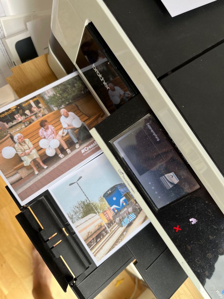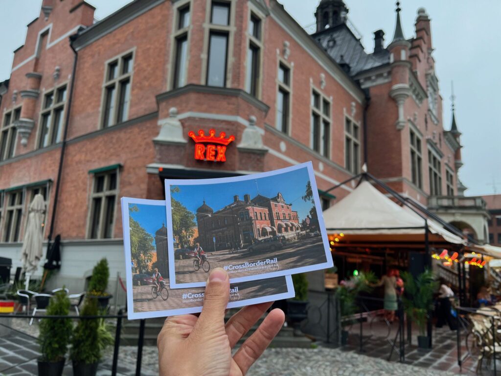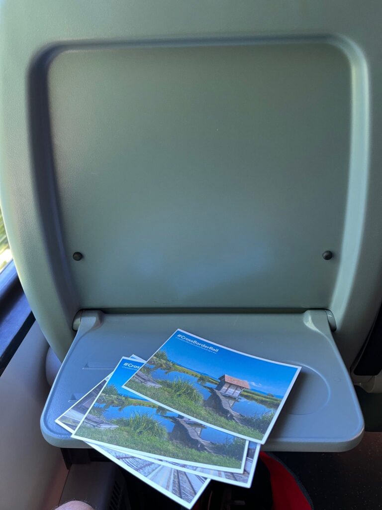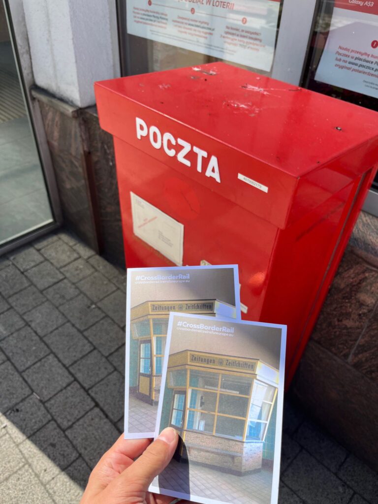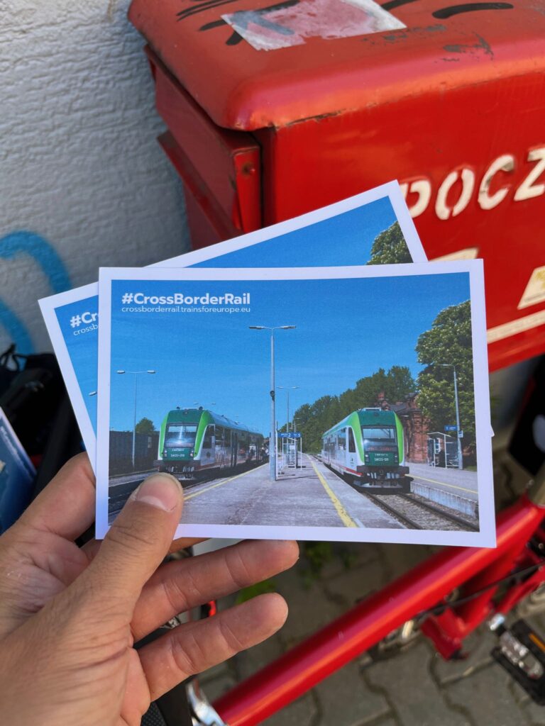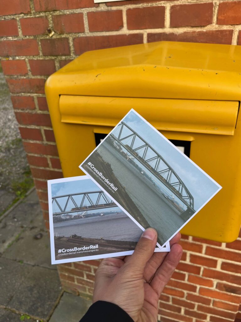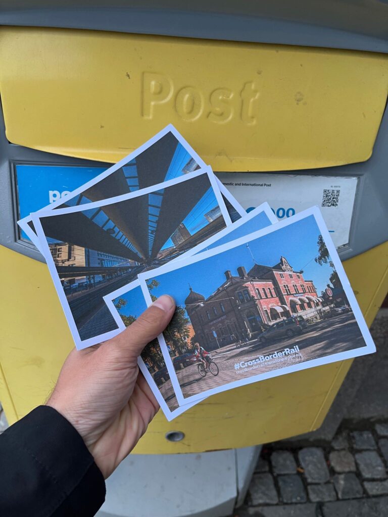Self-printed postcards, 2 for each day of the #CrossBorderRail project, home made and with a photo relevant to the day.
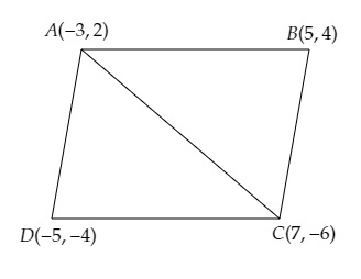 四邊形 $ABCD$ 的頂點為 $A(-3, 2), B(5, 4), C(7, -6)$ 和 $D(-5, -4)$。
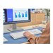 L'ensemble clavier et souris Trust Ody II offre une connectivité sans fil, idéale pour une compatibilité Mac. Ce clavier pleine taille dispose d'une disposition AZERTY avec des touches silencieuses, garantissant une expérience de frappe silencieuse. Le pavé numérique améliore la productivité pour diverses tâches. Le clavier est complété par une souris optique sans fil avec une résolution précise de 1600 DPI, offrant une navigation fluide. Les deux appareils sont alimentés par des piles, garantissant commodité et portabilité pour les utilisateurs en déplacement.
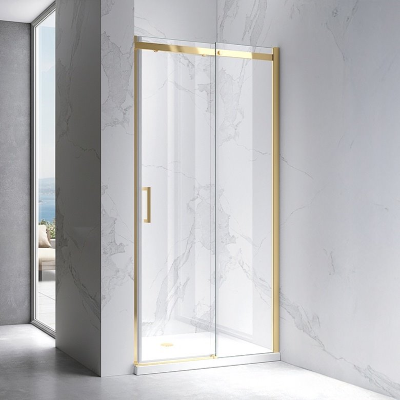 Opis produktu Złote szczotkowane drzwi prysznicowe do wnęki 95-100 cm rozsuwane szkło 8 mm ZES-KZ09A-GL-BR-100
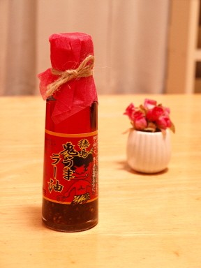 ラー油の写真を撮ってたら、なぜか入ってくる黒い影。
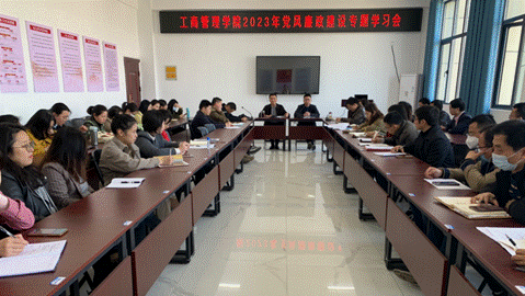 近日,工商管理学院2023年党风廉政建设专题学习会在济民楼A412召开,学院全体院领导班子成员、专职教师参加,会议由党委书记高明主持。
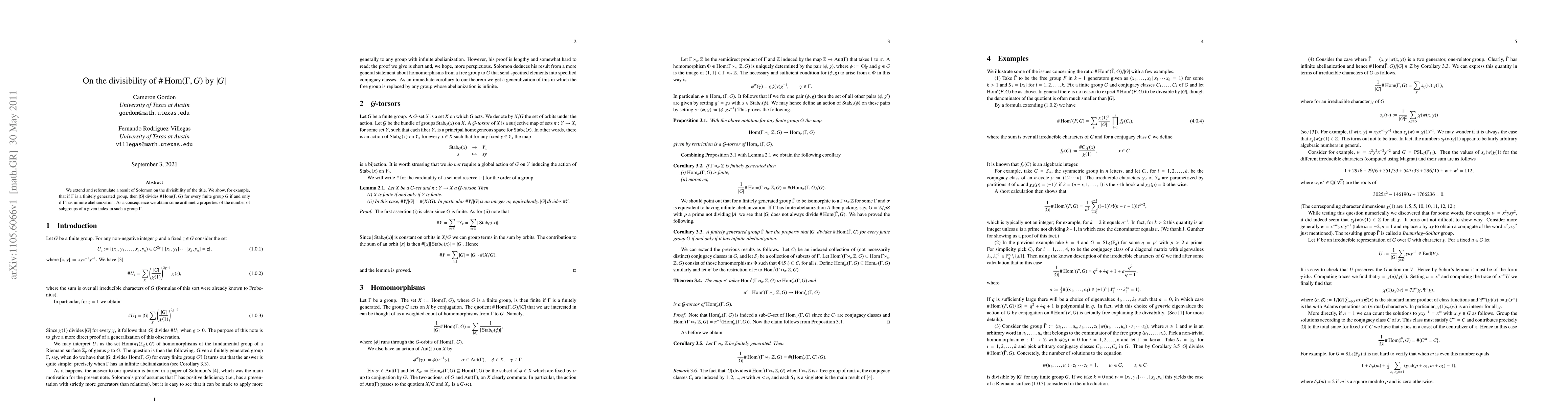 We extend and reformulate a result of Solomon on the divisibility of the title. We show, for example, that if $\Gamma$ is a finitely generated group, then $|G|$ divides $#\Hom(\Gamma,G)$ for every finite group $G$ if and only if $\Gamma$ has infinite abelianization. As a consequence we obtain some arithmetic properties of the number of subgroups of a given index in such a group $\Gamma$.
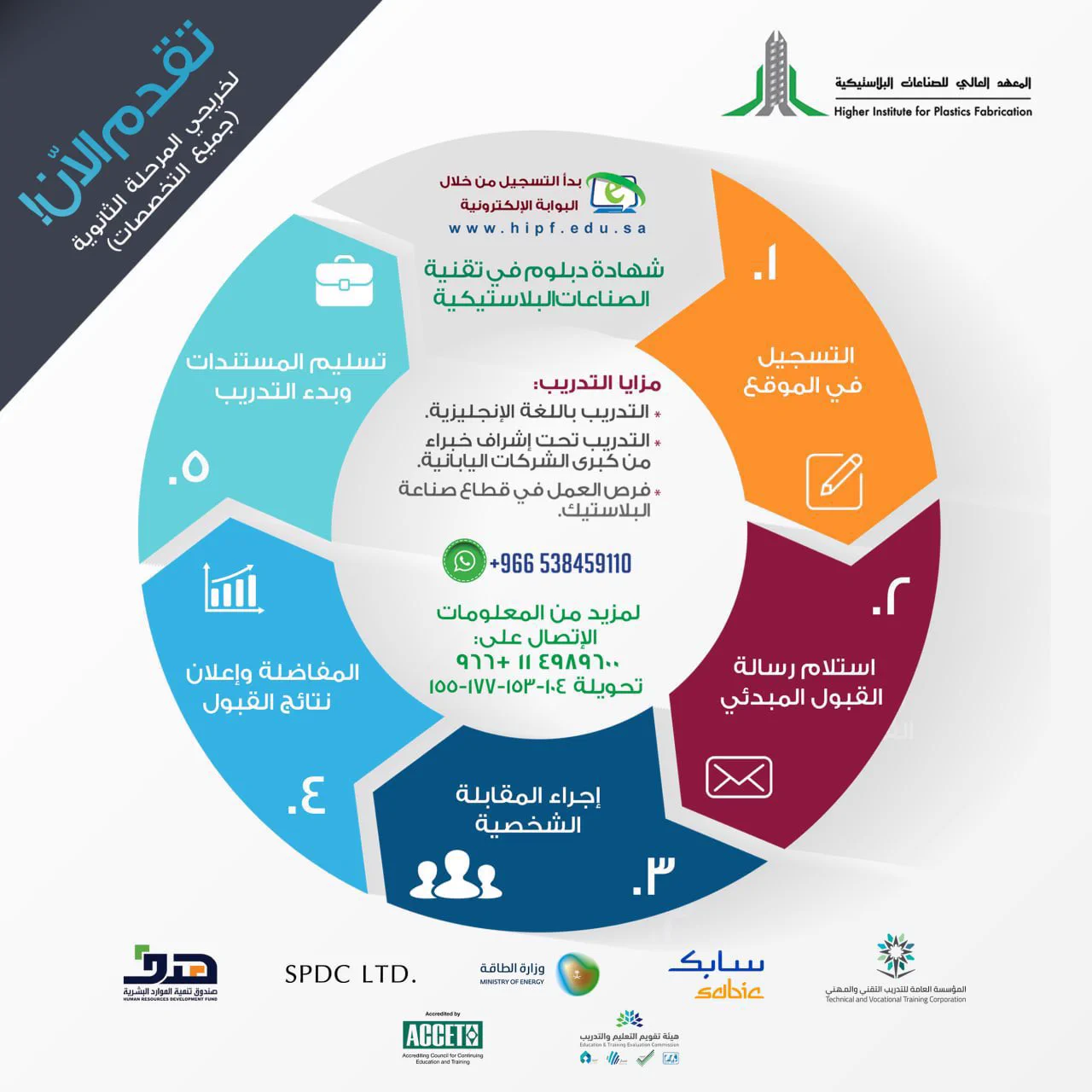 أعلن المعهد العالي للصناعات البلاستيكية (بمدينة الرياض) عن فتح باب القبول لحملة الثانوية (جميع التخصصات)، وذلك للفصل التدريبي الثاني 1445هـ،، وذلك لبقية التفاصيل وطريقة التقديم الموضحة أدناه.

### YOUR TASK
Make an exact printout of the listing above, omitting the images.

### RESULT OF THIS EXERCISE
Self-printed postcards, 2 for each day of the #CrossBorderRail project, home made and with a photo relevant to the day.
 四邊形 $ABCD$ 的頂點為 $A(-3, 2), B(5, 4), C(7, -6)$ 和 $D(-5, -4)$。
 L'ensemble clavier et souris Trust Ody II offre une connectivité sans fil, idéale pour une compatibilité Mac. Ce clavier pleine taille dispose d'une disposition AZERTY avec des touches silencieuses, garantissant une expérience de frappe silencieuse. Le pavé numérique améliore la productivité pour diverses tâches. Le clavier est complété par une souris optique sans fil avec une résolution précise de 1600 DPI, offrant une navigation fluide. Les deux appareils sont alimentés par des piles, garantissant commodité et portabilité pour les utilisateurs en déplacement.
 Opis produktu Złote szczotkowane drzwi prysznicowe do wnęki 95-100 cm rozsuwane szkło 8 mm ZES-KZ09A-GL-BR-100
 ラー油の写真を撮ってたら、なぜか入ってくる黒い影。
 近日,工商管理学院2023年党风廉政建设专题学习会在济民楼A412召开,学院全体院领导班子成员、专职教师参加,会议由党委书记高明主持。
 We extend and reformulate a result of Solomon on the divisibility of the title. We show, for example, that if $\Gamma$ is a finitely generated group, then $|G|$ divides $#\Hom(\Gamma,G)$ for every finite group $G$ if and only if $\Gamma$ has infinite abelianization. As a consequence we obtain some arithmetic properties of the number of subgroups of a given index in such a group $\Gamma$.
 أعلن المعهد العالي للصناعات البلاستيكية (بمدينة الرياض) عن فتح باب القبول لحملة الثانوية (جميع التخصصات)، وذلك للفصل التدريبي الثاني 1445هـ،، وذلك لبقية التفاصيل وطريقة التقديم الموضحة أدناه.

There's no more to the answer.